Railway worker Steve Desavouret (L) says he was fired for whistleblowing. (Courtesy of Steve Desavouret)

http://inthesetimes.com/article/14836/blood_on_the_tracks/

Features » April 15, 2013

Railway whistleblowers get some federal protection at last.
BY Kari Lydersen

The 19th-century railroad boom enabled not only the settling of the American West, the industrial revolution and the growth of American cities, but also the creation of a new class of corporate owners. The railroad magnates of the 19th and early 20th centuries amassed such wealth and wielded such political clout that they seemed almost omnipotent. The 1886 U.S. Supreme Court case Santa Clara County vs. Southern Pacific Railroad Company is known as the first significant ruling to grant corporations the same constitutional equal rights protections as human beings.

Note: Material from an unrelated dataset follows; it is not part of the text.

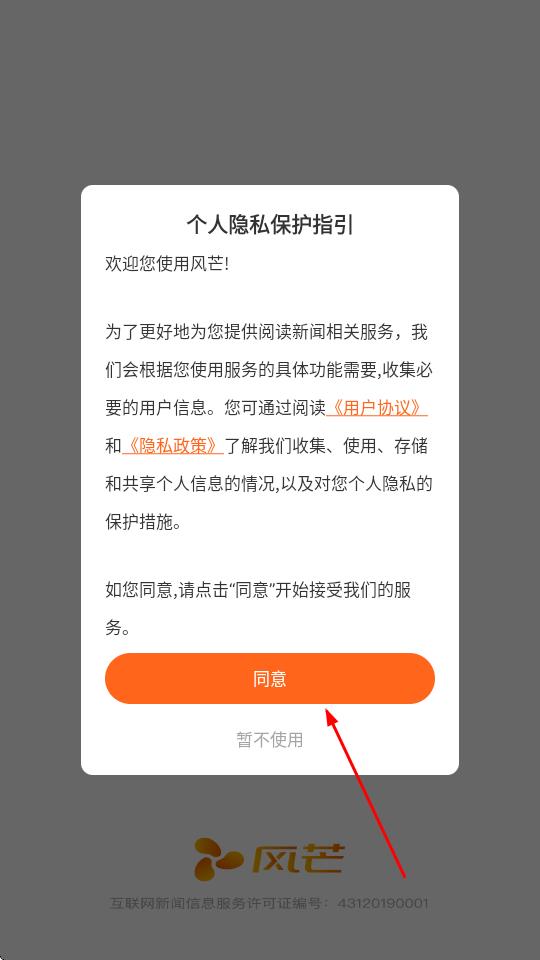 1、打開風(fēng)芒APP,在彈出的個人隱私保護(hù)指引彈窗中,點擊同意,進(jìn)入APP首頁。

In many ways, that sense of overwhelming corporate power has endured to the present, at least in major railroad companies’ relations with their employees. Railroad workers and their attorneys say—and federal courts and government regulators have agreed—that for decades there has been an endemic problem of retaliation by railroad companies against employees who are injured on the job or who speak out about safety hazards. Often the two issues go together: Injury investigations bring safety hazards to light.

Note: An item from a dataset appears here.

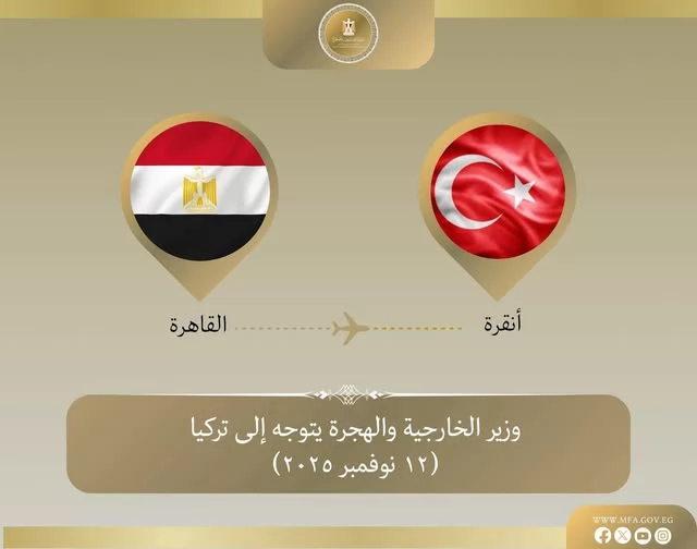 توجه د. بدر عبد العاطي وزير الخارجية والهجرة وشئون المصريين بالخارج، اليوم الاربعاء ١٢ نوفمبر ٢٠٢٥، إلى تركيا، في زيارة تستهدف بحث سبل تعزيز العلاقات الثنائية بين مصر وجمهورية تركيا الشقيقة، والتشاور حول عدد من القضايا الإقليمية والدولية محل الاهتمام المشترك.

Historically, the railroad industry had “a paramilitary mentality,” says Charlie Goetsch, an attorney who specializes in representing railroad workers. “In the army, if you refuse to obey an order, you’re shot or court-martialed. You do what I say or you’re fired or I make your life miserable. The workers had no power, no recourse to stand up against that. Railroad unions have been a powerful force, but they have had no ability to strike back when rail management retaliated against an individual employee for having the gall to report a safety hazard or a resulting injury. That continued on into the 21st century.”

But the industry may be in the early stages of a sea change, thanks to 2007 legislation protecting railroad workers that has been strongly backed by federal court rulings this year and complemented by policy changes and voluntary agreements involving the Occupational Safety and Health Administration (OSHA).